Read Bloodline Online

Authors: Kate Cary

Bloodline (8 page)

She stared at me a moment, expressionless. I held my breath. This was not the response I had hoped for. Was she repelled by my suggestion?

My fear was banished in a moment, for her eyes warmed, and she smiled. “Lieutenant, your bravery and strength have proven you more than worthy. I should love to keep your company after you are discharged.”

I took her hand. Her small, soft fingers squeezed mine firmly. “My, you are very bold today,” she teased.

“I slept well,” I told her, smiling back. “No nightmares.”

“What nightmares are these?” Captain Harker’s voice came from behind us.

Mary and I both turned with a start. Neither of us had heard him approach. The surprise of him seeming to materialise at the end of my bed set my heart hammering. Mary let go of my hand and stood up.

“My nightmares of—of the trenches, sir,” I stammered.

“Ah …” he replied sympathetically. “That is to be expected. But you must put our time in France out of your mind if you are to focus on your recovery.”
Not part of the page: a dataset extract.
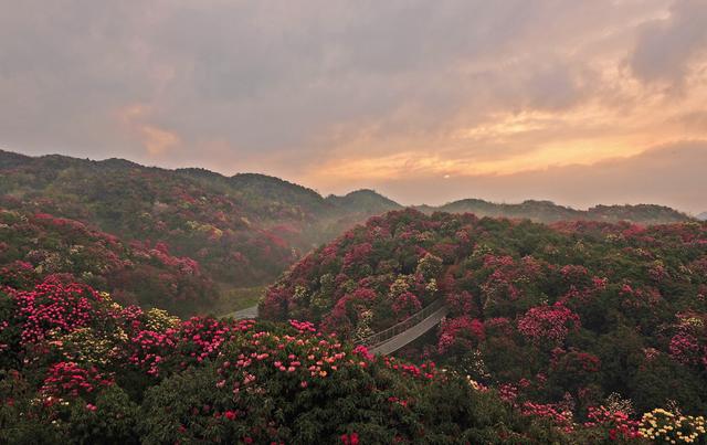 畢節(jié)百里杜鵑AAAAA風(fēng)景名勝區(qū)以"地球的彩帶、世界的花園"深受人們的喜愛(ài),特別是每年三月中旬到四月中旬的一個(gè)月的時(shí)間里,二十多種野生杜鵑花競(jìng)相開(kāi)放,繁花似錦,花色紅的似火,粉的嬌艷,白的素雅,或淡或濃。站在山頂極目眺望,漫山遍野都是花的海洋,令人心曠神怡。今年不看只能等待明年,有等待一年的遺憾。今生不看那真是一輩子的遺憾!
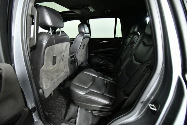 Clean CARFAX. This Cadillac Escalade is well equipped and includes the following key features, Collision Avoidance System, Collision Warning System, 360 degree Camera, Adaptive Cruise Control, Heated and Cooled Seats, Heated Seats, Blind-Spot Monitors, Bluetooth Hands-Free, Lane Keeping Assist, Navigation System, Touchscreen Controls, Heads-Up Display, Backup Camera, Keyless Access with Push Button Start, Automatic Headlights, Apple CarPlay, Android Auto, 12-Way Power Front Passenger Seat Adjuster, 1st 2nd & 3rd Row All-Weather Floor Mats (LPO), Advanced Adaptive Cruise Control, All-Weather Cargo Mat (LPO), Apple CarPlay/Android Auto, Automatic Seat Belt Tightening, Bose Centerpoint 16 Speaker Surround Sound System, Cooled Console w/Covered Storage, Driver Assist Package, Driver Awareness Package, Electronic Powered Parking Brake, Enhanced Automatic Emergency Braking, Exterior Parking Camera Rear, Forward Collision Alert, HD Radio, Heated door mirrors, Heated steering wheel, Illuminating Door Handles, Inclination Sensor, IntelliBeam Automatic High Beam On/Off, Interior Protection Package (LPO), Lane Change Alert w/Side Blind Zone Alert, Lane Keep Assist w/Lane Departure Warning, Leather Wrapped IP/Console/Door, Magnetic Ride Control Suspension, Memory seat, Microfiber Sueded Headliner, Navigation System, Platinum Package, Platinum Sill Plates, Power Configurable Second Row Bucket Seats, Power Tilt-Sliding Sunroof w/Express-Open/Close, Power-Retractable Assist Steps, Preferred Equipment Group 1SD, Premium Floor Mats, Radio: AM/FM Cadillac User Experience w/Nav, Rear Camera Mirror, Rear Camera Mirror Washer, Rear Cross Traffic Alert, Rear Seat Entertainment System, Reconfigurable 4-Color Head-Up Display, Remote keyless entry, Reverse Automatic Braking, Safety Alert Seat, SiriusXM NavTraffic, SiriusXM Radio, Sumi Black Tamo Ash Unique Exotic Wood, Theft-Deterrent Alarm System, Theft-Deterrent Package, Unique Grille Design, VAC Power 17" Disc Brakes, Vehicle Interior Movement Sensor.

There was a heavy pause. Mary looked away from Captain Harker, a troubled expression creasing her brow. I felt surprised. Did she have no greeting for the captain?

Captain Harker broke the silence. “Please, John. You must call me Quincey,” he announced. “It seems odd for you to call me ‘sir’ while your sister calls me by my first name.”

My mouth opened slightly in surprise. Had Lily and Harker grown so intimate in so short a time? I was about to ask that very question when Mary took a thermometer from her pocket and popped it beneath my tongue.

“Lily is such a sweet soul…” she commented, still not looking at Quincey. “So trusting …” She flashed me a glance I felt was laced with meaning. It had the effect of sharpening my concern.

Captain Harker—Quincey—anticipated my worries. “I’m sure you have noticed, John, that your sister and I have very quickly become dear friends. I hope you do not find our familiarity distasteful. It is Lily who insists upon it. I believe she is glad to finally be close with someone.”

I allowed myself to relax. Once again, Quincey assured me that he harboured only the most appropriate feelings for my sister.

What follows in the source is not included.